Markus Gross1,2,📧Aya Fahmy1Danit Niwattananan2Dominik Muhle2Rui Song1,2Daniel Cremers 2Henri Meeß1

1 Fraunhofer IVI,      2 TU Munich

Neural Information Processing Systems (NeurIPS) 2025

Project   arXiv   NeurIPS 2025

IPFormer intro

🚀 News

  • [2025/11]: Code released
  • [2025/10]: Project page online
  • [2025/09]: IPFormer accepted at NeurIPS 2025
  • [2025/06]: Paper preprint available on arXiv

💡 Introduction

We present IPFormer, the first method that leverages context-adaptive instance proposals at train and test time to address vision-based 3D Panoptic Scene Completion. Recent Transformer-based 3D vision approaches like DETR or Symphonies utilize a fixed set of learned queries to represent objects within the scene volume.
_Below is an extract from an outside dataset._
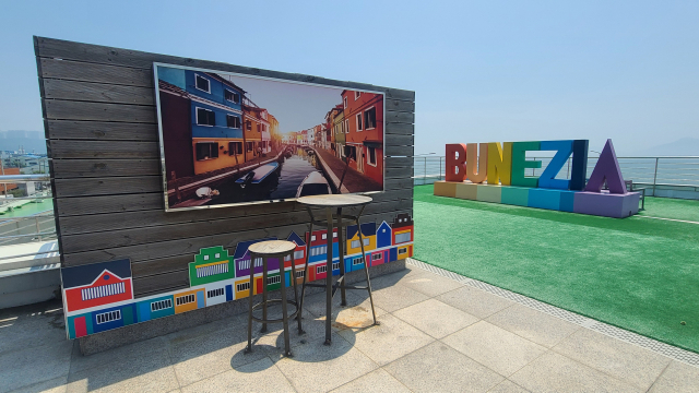 부네치아 선셋 전망대 1층은 수산식품판매장, 2층은 홍보관·카페테리아, 3층은 옥상전망대다. 옥상전망대에 오르면 ‘BUNEZIA’ 일곱 글자에 무지개 일곱 빛깔을 입힌 조형물이 인상적이다.

Although these queries are typically updated with image context during training, they remain static at test time, limiting their ability to dynamically adapt specifically to the observed scene. To overcome this limitation, IPFormer initializes these static, non-adaptiv queries as instance proposals, which are adaptively derived from image context at both train and test time. Extensive experimental results show that our method achieves state-of-the-art in-domain performance, exhibits superior zero-shot generalization on out-of-domain data, and offers a runtime reduction exceeding 14x. Check the IPFormer YouTube Video for full explanation incl. audio.

IPFormer intro

⚙️ Environment Setup

1. Setup Script

Follow install.md

📁 Datasets

Follow dataset.md to process and structure them correctly.


📋 Download Checkpoints

We use three pretrained models:

  1. MobileStereoNetV2 depth estimation model used for lifting 2D to 3D
  2. EfficientNet image backbone for image feature extraction
  3. CGFormer's pretrained depth refinement module

Create the necessary directories and get the checkpoints as follows:

# Create required folders
mkdir pretrain
mkdir ckpts

# Depth refinement module
cd pretrain
wget https://github.com/markus-42/IPFormer/releases/download/v1.0.0/pretrain_geodepth.pth
cd ..
# Image backbone and geodepth weights
cd ckpts
wget https://github.com/markus-42/IPFormer/releases/download/v1.0.0/efficientnet-b7_3rdparty_8xb32-aa_in1k_20220119-bf03951c.pth
wget https://github.com/markus-42/IPFormer/releases/download/v1.0.0/swin_tiny_patch4_window7_224.pth
wget https://github.com/markus-42/IPFormer/releases/download/v1.0.0/ipformer_semkitti_v1.0.0.part_aa
wget https://github.com/markus-42/IPFormer/releases/download/v1.0.0/ipformer_semkitti_v1.0.0.part_ab
cat ipformer_semkitti_v1.0.0.part_* > ipformer_semkitti.ckpt

💪 Training

Our framework follows a dual-head, two-stage pipeline: The first stage and its corresponding head addresses Semantic Scene Completion (SSC), effectively guiding the latent space towards geometry and semantics. The second training stage and its corresponging head registers individual instances, addressing full Panoptic Scene Completion (PSC).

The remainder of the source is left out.